I understand the point about the disks not necessarily being readable elsewhere -- sometimes on my other computers even ones with reliable controllers, disks written in one drive might not even read in another drive due to alignment issue. All this old floppy hardware is getting pretty sketchy, and the 3.5" media was never great in the first place and several decades later seems even worse.

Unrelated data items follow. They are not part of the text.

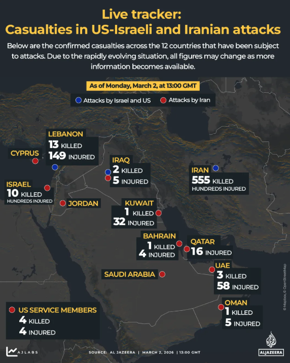 - Σε αντίποινα για την επίθεση του Σαββάτου, στην οποία σκοτώθηκαν κορυφαίοι ηγέτες του κρατικού μηχανισμού, συμπεριλαμβανομένου του ανώτατου ηγέτη της Χαμενεΐ, η Τεχεράνη εξαπέλυσε πλήγματα προς γειτονικές χώρες, βάζοντας στο στόχαστρο πάνω απ’ όλα αμερικανικές βάσεις, και στο Ισραήλ, όπου χθες σκοτώθηκαν εννιά άνθρωποι, σύμφωνα με τις υπηρεσίες άμεσης βοήθειας.
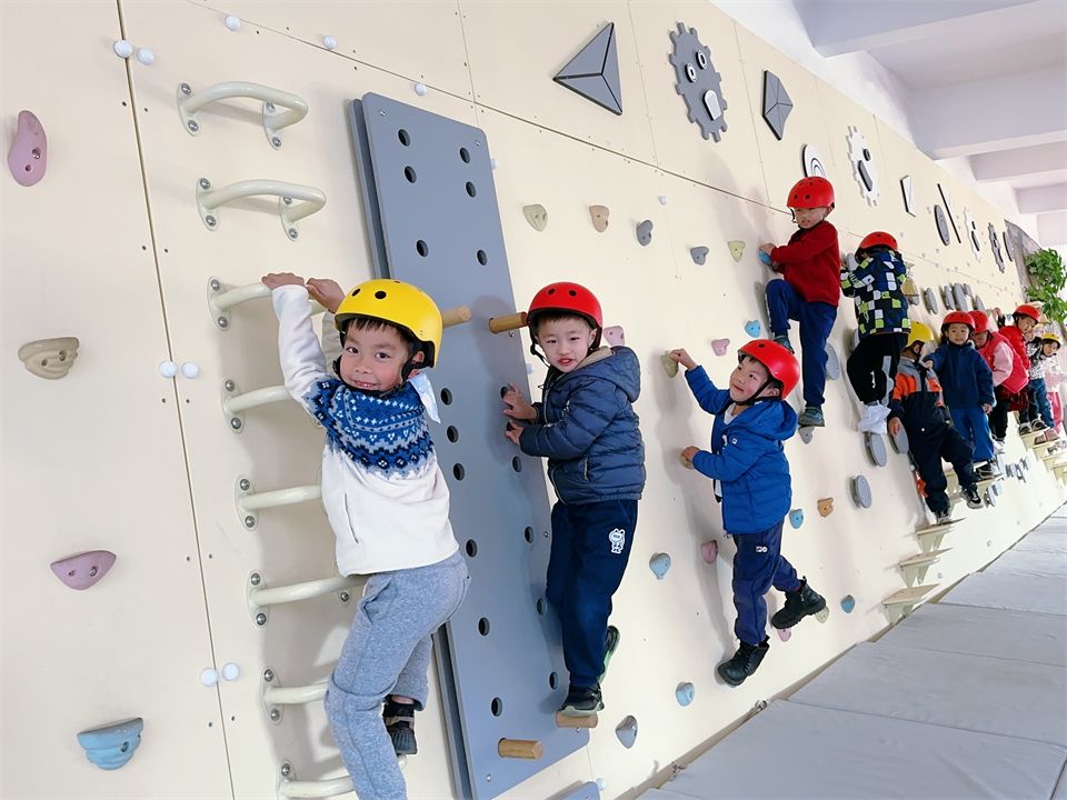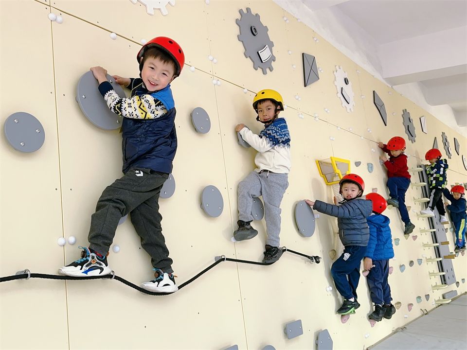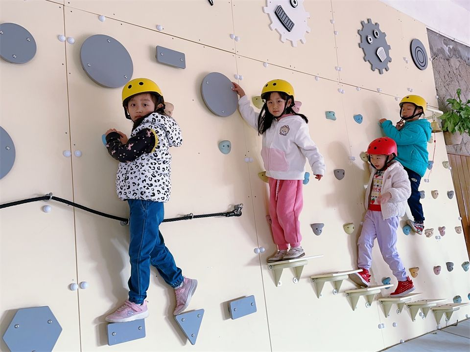 宝贝们的笑脸每天都仿佛那春日的暖阳,开开心心的来到幼儿园进行户外运动,最近大家都爱上了崭新的攀爬墙,戴好头盔,保持距离,我们出发啦!
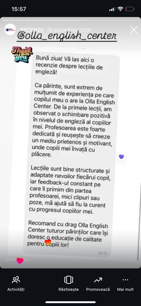 La OLLA English Center, cei mici descoperă engleza într-un mod natural, prin cântece, jocuri și povești. Cursurile sunt create special pentru preșcolari și îi ajută să-și dezvolte vocabularul, pronunția și încrederea în vorbire.
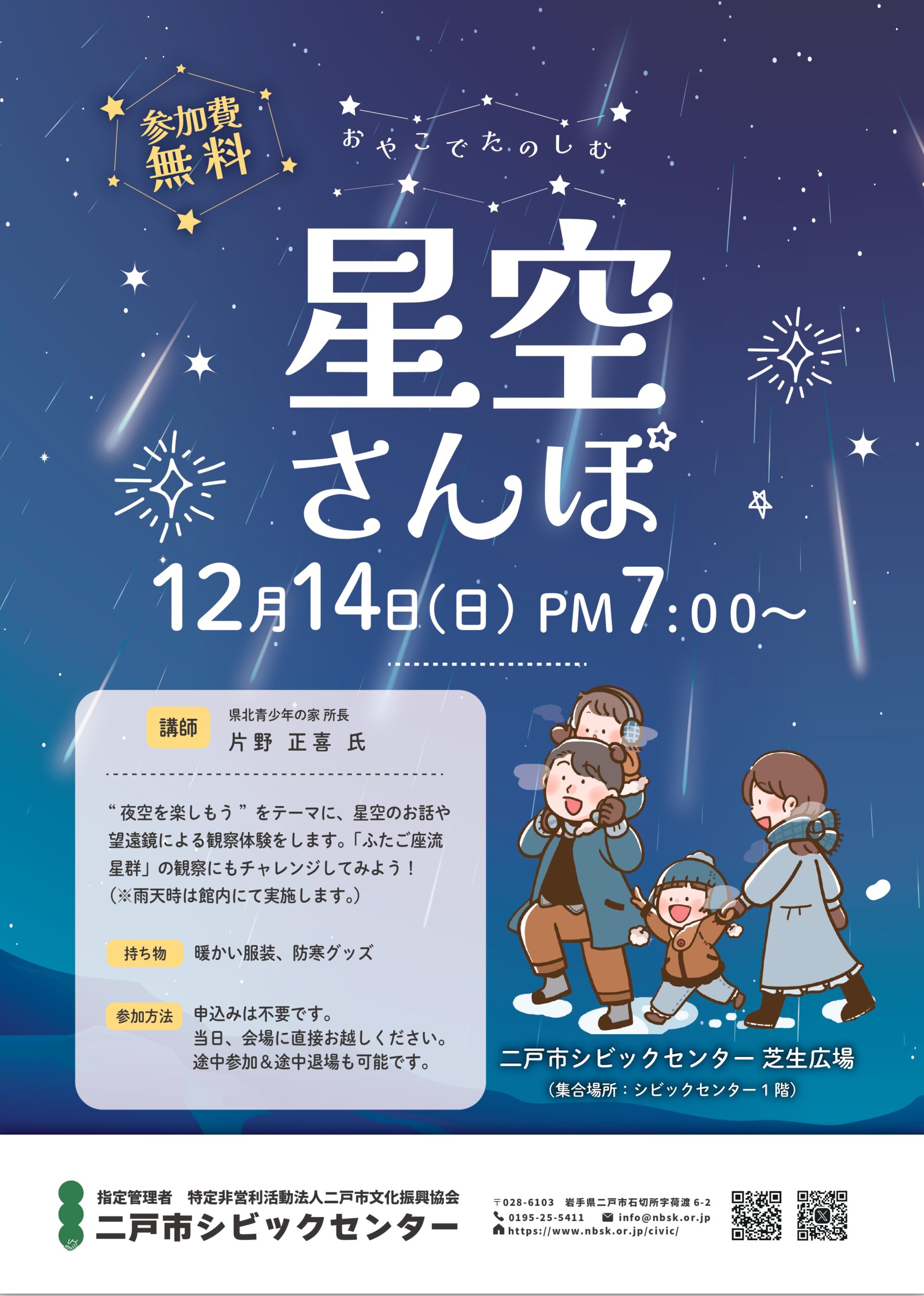 ”夜空を楽しもう”をテーマに、星空のお話や望遠鏡による観察体験をします。「ふたご座流星群」の観察にもチャレンジしてみよう!
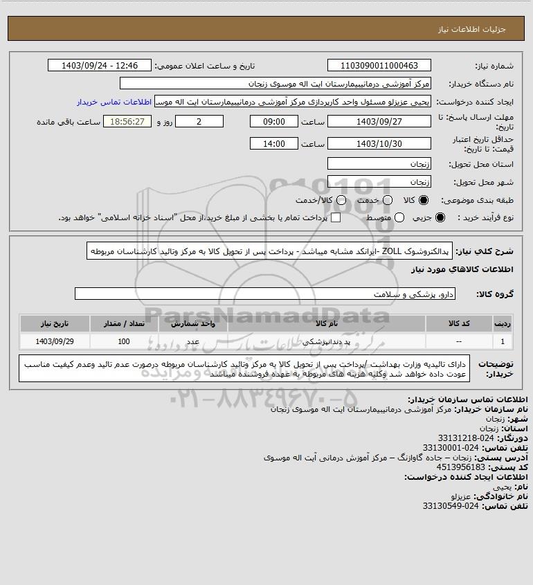 شرح کلی نیاز: پدالکتروشوک ZOLL -ایرانکد مشابه میباشد - پرداخت پس از تحویل کالا به مرکز وتائید کارشناسان مربوطه
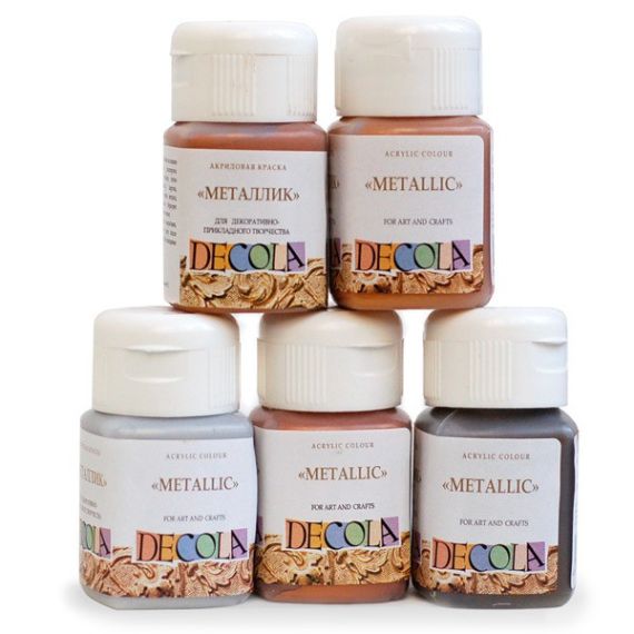 Акриловые краски «металлик» серии DECOLA - имитирующие цвета металлов воднодисперсные быстро сохнущие краски, содержащие суспензию пигмента в акриловой полимерной эмульсии, Их можно разбавлять водой, но после высыхания они становятся водостойкими.
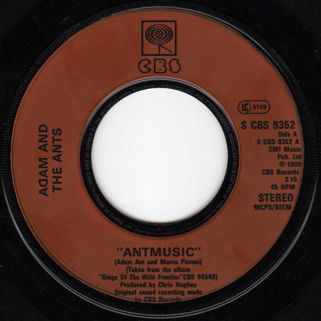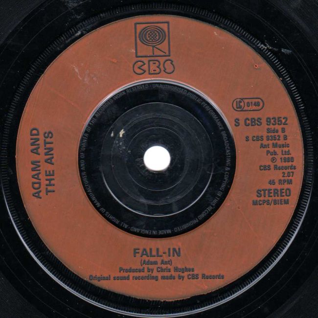 Adam and the Ants Country Label Catalogue Number Matrix numbers Format Release date A-side B-side The third single to be taken from the Kings of the Wild Frontier album. The front and back cover of the single were taken on board a ship moored on the Thames. These are also the first photographs taken of the whole of the band. The B-side, Fall in, is an old Ants song from 1977 co written with Lester Square. The ADAM AND THE ANTS font on the IML label for this pressing is in small bold font. |

That said, unfortunately I was only able to image 2 disks with IMG2MDS last night. My remaining half-dozen attempts have all failed at some point during the xmodem upload. It probably spit out a "write error" message, but I can't see because the terminal program's xmodem is obscuring any output. It's entirely possible that I've just run into a bad run of floppies. I'm hesitant to try rewriting the two successful disks, because they are still readable and useful. Three different disks have now failed to write at exactly 86%, so I wonder if it is some component that has drifted in the controller, rather than bad disks. Nevertheless, it's been a fun project so far. I've always been fascinated by the bit slice cpu chipset, and this is the first project where I've had one.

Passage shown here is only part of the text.